I think the only thing I would additionally say, Charles, is remember the unique aspect of our Phase III design is that we have two primary end point. The progression-free survival and overall survival and in likely the three cases you're referring to all of which had overall survival primary endpoints and we all know it's very difficult to win in those settings. So I do think the uniqueness of our design as well as what Helen said, the fact that we're using a companion diagnostic that we worked very hard with Ventana to get to be able to prospectfully test are two differentiation factors.

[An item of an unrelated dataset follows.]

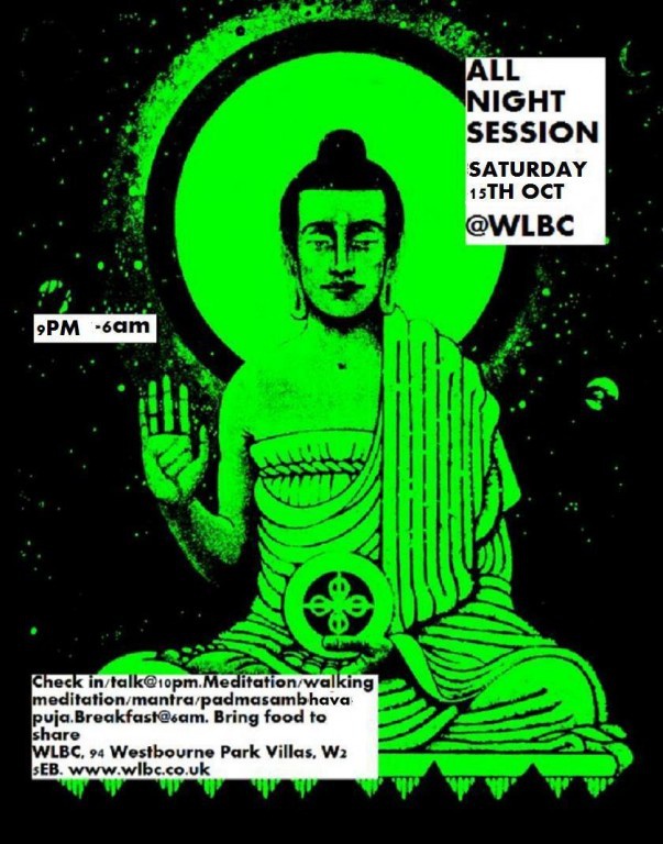 By lokabandhu on Sun, 8 Apr, 2012 - 06:21Buddhism’s all about accepting what is, not fighting, becoming calm and peaceful - right? Maybe - maybe not… Over at Triratna’s West London Buddhist Centre they’ve been running all-night meditations for a while now, backed up by some great posters and publicity we’re delighted to reproduce below…

Got it just wanted to hear it again. Appreciate that you guys are taking a different approach. Thanks.

Thank you, Charles.

Thanks, Charles. Next question, please.

Thank you. (Operator Instructions).

All right, if there's no further questions, I would just like to thank everyone for joining us today. You have heard the report of another strong quarter of performance and we look forward to updating you next quarter with our continued progress. Thank you so much and have a good evening.

Thank you, ladies and gentlemen. This concludes today's conference. You may now disconnect your lines.